There are numerous points in Kiyoshi Kurosawa's breakthrough film Cure where a more conventional filmmaker would lead us down a rather familiar path. Instead, we drift from a police-procedural murder mystery to a foreboding psychodrama that dissolves all understanding of identity and consciousness. By the time it arrives at a decaying, abandoned building on the edge of Tokyo for the film's final confrontation, the only certainty we feel is that of the metastatic nature of violence.

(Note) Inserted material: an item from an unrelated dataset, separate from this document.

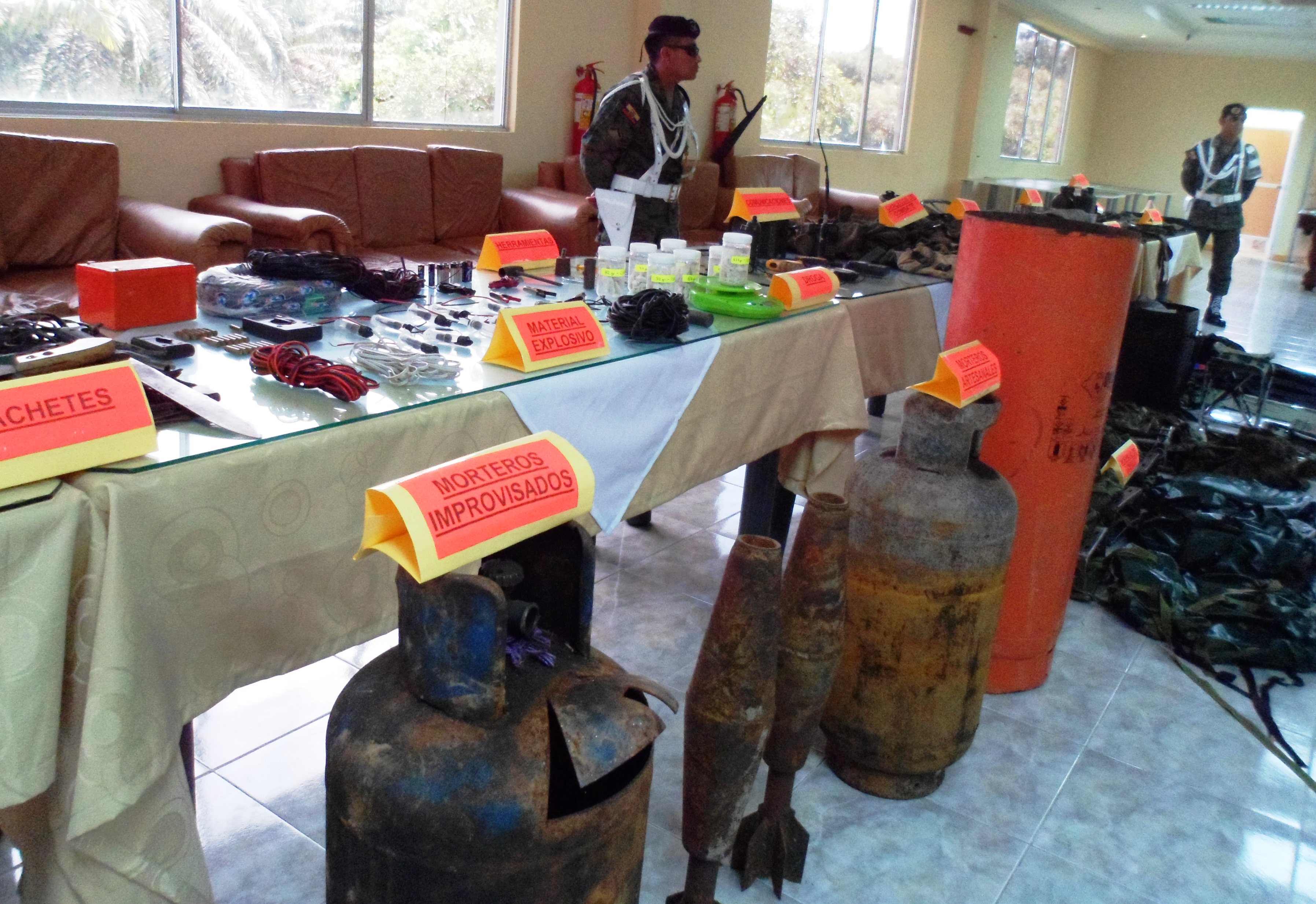 “Las unidades militares a diario hacemos operaciones terrestre, fluvial y aérea en los ríos y en toda la zona de frontera con Colombia, esto hizo que los grupos ilegales se sientan presionados y huyan abandonando estas pertenencias”, argumentó Juan Villegas, Coronel de Estado Mayor de las Fuerzas Armadas

Kōji Yakusho (Shall We Dance?) plays Takabe, a detective investigating a series of gruesome murders each committed by different people, but bound together by the same mutilation: a large "X" carved in the victim's neck. The other mysterious factor uniting them is the amnesiac drifter who offers no answers, but who comes into contact with each murderer before they unknowingly commit their crime. Masato Hagiwara's performance, however, while enigmatic and entrancing, never succumbs to the charismatic mastermind archetype of serial killer narratives (and whether or not the "label" of serial killer actually applies to him is one of the film's central mysteries). The way in which he reflects the capacity for violence back at Takabe and other characters is maddeningly haunting.
Overshadowed by other films in the turn-of-the-century J-Horror canon, like Ringu (1998) and Audition (1999), Cure lives on as one of the more powerful works of the era. The chance to see it on 35mm at Japan Society should not be missed, and be prepared to ponder the ending for a long time afterwards.